Я знал, каким заурядным образом возникала жестокость в людских сердцах. Например, в детстве обижали родители и сверстники, а обиженные дети накапливали отрицательный потенциал эмоций, злобности. Потом они вымещали свои обиды на животных: душили насекомых, вешали кошек, мучили собак. А затем весь этот негативный опыт давал о себе знать во взрослой жизни.
Применительно к себе я этого всего почти не допускал. В детстве, хотя оно и было трудным, мне перепало немало тепла и моя суровая мама внушила мне следующее: "Всегда делай людям добро — это выгодно". Такой вот исповедывала она житейский принцип.
Позднее я возмущался столь меркантильным подходом и был поражен, когда подобную мысль встретил у Федора Михайловича Достоевского.

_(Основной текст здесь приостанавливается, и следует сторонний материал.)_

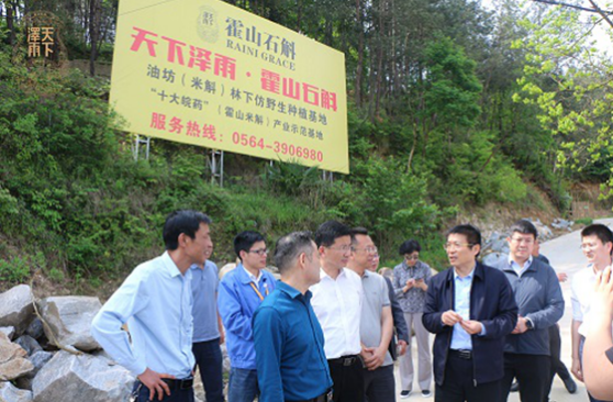 4月25日,国家中医药管理局局长于文明,国家中医药管理局科技司司长李昱,国家中医药管理局医政司司长蒋健等一行在安徽省卫健委党组书记单向前、安徽省卫健委副主任董明培的陪同下,莅临霍山县天下泽雨公司调研,并先后实地查看了公司药厂和霍山石斛石上林下种植基地,了解了霍山石斛的生产、加工和种植情况。天下泽雨公司卢董事长和杨涛总经理以及基地员工代表陪同参观。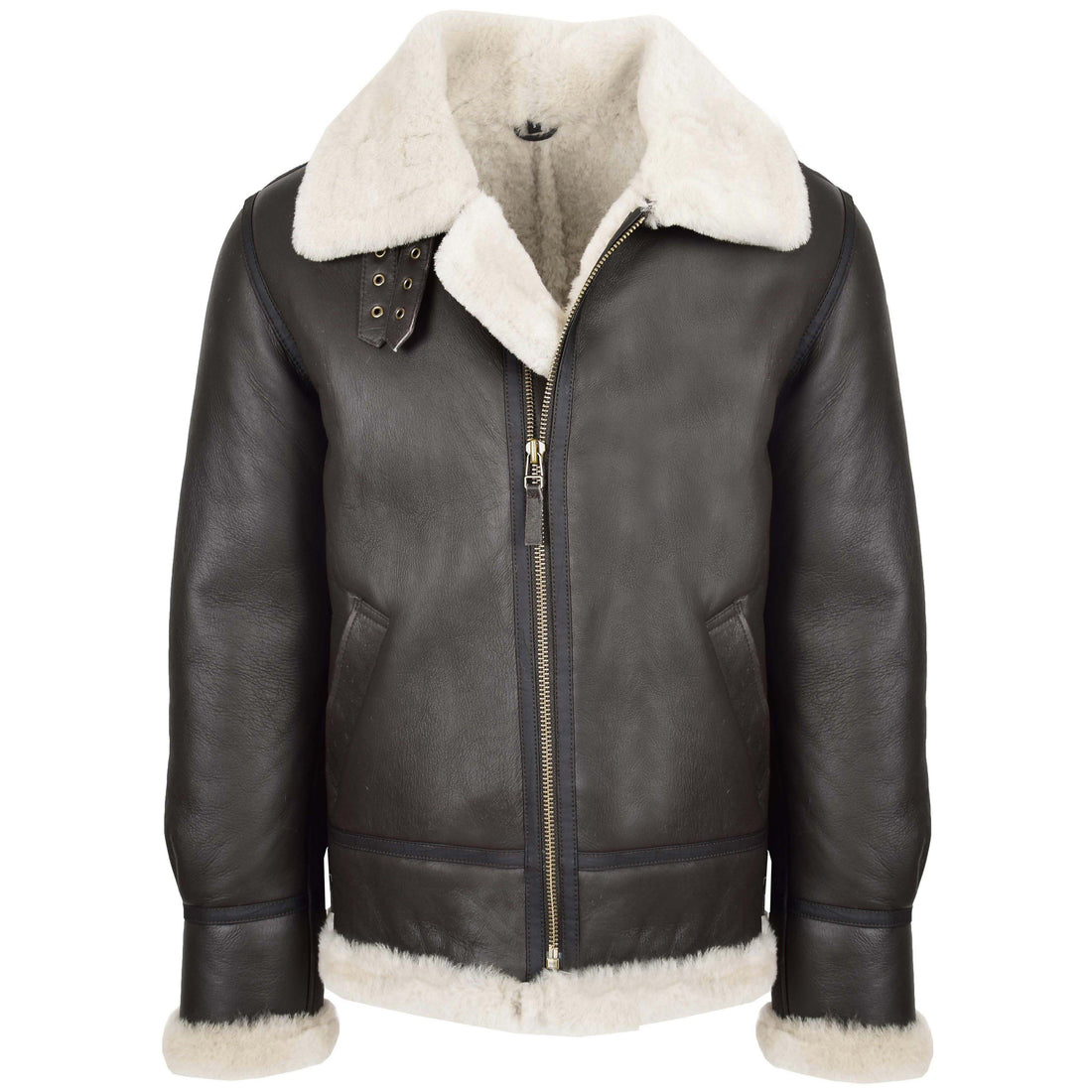Herren Classic B3 Original Schaffelljacke Braun Weiß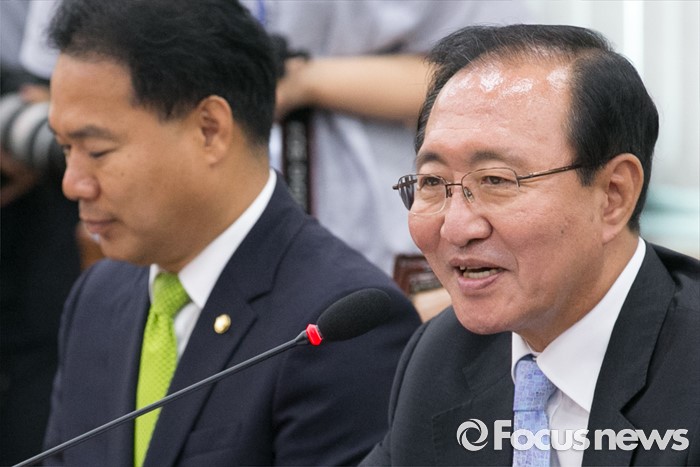 (서울=포커스뉴스) 20일 오전 서울 여의도 국회에서 열린 법제사법위원회 전체회의에 참석한 노회찬 정의당 원내대표가 인사말을 하고 있다.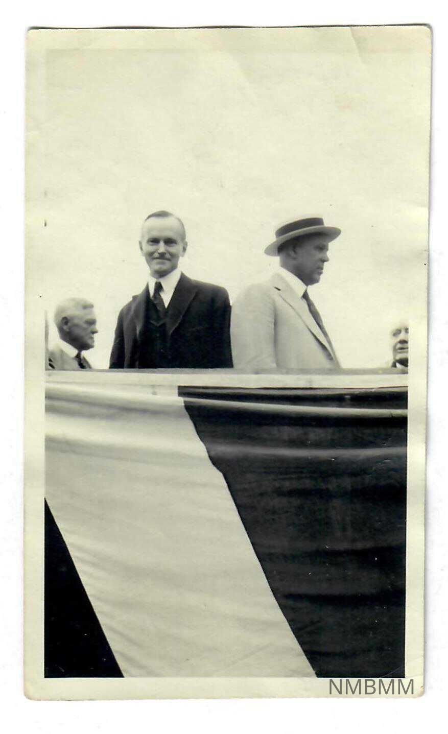 Photograph of Vice President Coolidge taken in 1921 by James A. Kreitler at the dedication of the bust of President Warren G. Harding at the National McKinley Birthplace Memorial in Niles, Ohio. As stated in the letter (1995.01.359), three of the men in the photograph are: Vice President Calvin Coolidge, Niles Mayor Crowe, and Joseph G. Butler. On the back, hand written in ink are the words "Vice President Calvin Coolidge take [?] Niles, Ohio in [1921] at McKinley [Memorial] by JAKreitler." The back aslo has residue remaining from where it was glued to a board.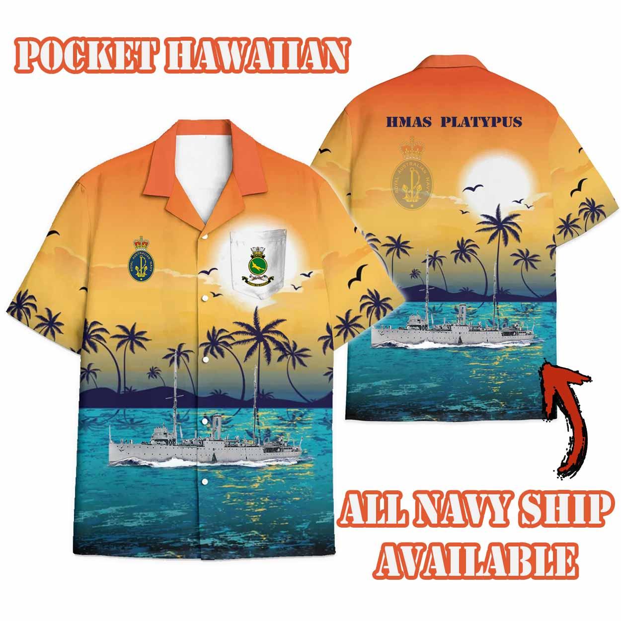 Celebrating your military service with our HMAS Platypus_Sunset Hawaiian Shirt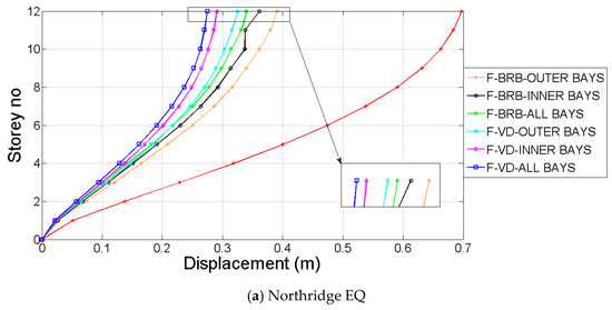 Figure 9a presents the maximum displacement demand for the 12-story frames under the Northridge earthquake. The Tabas earthquake, which yielded the maximum displacement demand in the case of four-story frames, provided the minimum values for both 8- and 12-story models. Like four-and eight-story frames, the all-bay configuration of both VDs and BRBs suggested the most favorable pattern. The former and the latter caused the maximum displacement of 70 cm to decrease to about 25 and 30 cm, which corresponded to 64% and 57% less lateral displacement demand, respectively. Those contributions of VD and BRB appeared to lessen in the case of inner and the outer-bay systems. For the latter, the effect of VD was 56%, while that of BRB was only 44% under the Northridge earthquake. Therefore, when the seismic protection pattern switched from the all bay to the outer bay, the VD and BRB had a lower influence by as much as 8% and 11%, respectively, on decreasing the lateral displacement. Moreover, the VDs showed better performance compared to the BRBs of the same configuration. It was noticeable that the percentage of the displacement reductions by using the seismic protection systems in the four-story model were higher than those in the eight-story model; hence, these reduction values in 8-story were higher than 12-story. Therefore, the VD and BRB systems have many effects on the reduction of displacement demand of the buildings under near-fault motions, so that these effects seemed to be considerable in small buildings in comparison with high-rise buildings.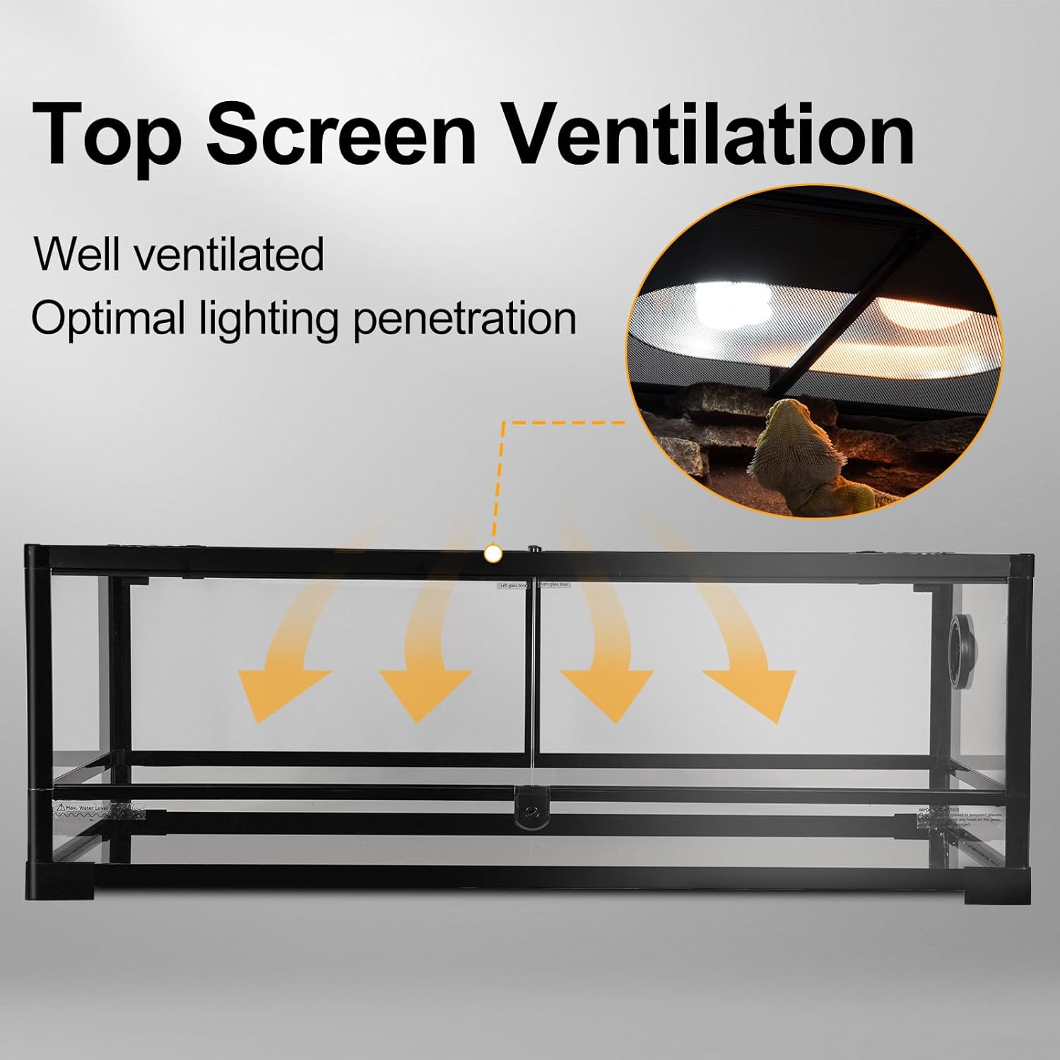 - Premium & Durable Construction: Featuring tempered glass on all four sides and aluminum alloy frame, iron mesh top, this terrarium delivers exceptional durability. Provides crystal-clear, uninterrupted viewing from every angle – an essential component for reptile habitat

И сейчас я жил с этой мыслью. Где-то внутри всегда таилась какая-то суеверная, но прекрасная надежда на то, что сделанное человеку добро всегда к тебе возвращается удвоенным благом. И если ты уж допустил жестокость, то и ее надо искупить добром, надо смыть черное пятно с души, — так учил мой отец. И я поверил, я принял такую философию.
И когда я возобновил свои встречи с Поповым, то понял, что его толкование талантливости или трансцендентности связано с культом свободы, любви, добра, красоты. Эти ценности человек обязан защищать чего бы это ему ни стоило: позора, унижения и даже смерти. Мне казалось, что я готов к такой защите.
Я знал, что феномен вспышки таланта основан на пробуждении добрых чувств. Твори добро — и у тебя будет все!
Надо сказать, что и Анна Дмитриевна мне высказывала подобные мысли, от ее слов у меня теплело на душе, и так хотелось ей в чем-то помочь, я до сих пор ощущал себя ее должником.
Поэтому, когда Петров вдруг заговорил о моей жестокости, я не стал резко сопротивляться наговору: он точно во мне что-то новое открыл. Будто сказал мне: "А ты загляни в себя. Посмотри, сколько грязи в тебе. Пора бы и почистить свое нутро".
— Что же вы молчите? — улыбнулся Петров.
— Валерий Павлович, — впервые я назвал его по имени-отчеству, — это не простой вопрос. Наверное, все считают себя добрыми людьми. Я тоже не являлся исключением из правил.
— А теперь?
— А теперь не знаю, — честно признался я. — Со мною что-то происходит. Непонятное что-то. — Я не мог выразить своего состояния словами, что-то меня сильно мучило, что-то просто пугало.
— Вас что-то смущает? — поинтересовался у меня Петров и будто в точку попал. — А хотите я скажу вам, что затруднительно для вас в этом вопросе?
Я поднял глаза и увидел его просветленное лицо. Снова я ощутил холодную глубину его на самом деле добрых глаз. Именно доброту излучали его глаза. Будто они принадлежали человеку мягкому и доброму от природы, но поставленному в условия которые заставляют его проявлять жестокость. Мне даже показалось, что в его лице отразилось некое мученичество, и все из-за того, что он не в состоянии разрешить внутри себя противоречие между собственной природной добротой и той социальной необходимостью проявлять суровость, как требует того иной раз правосудие.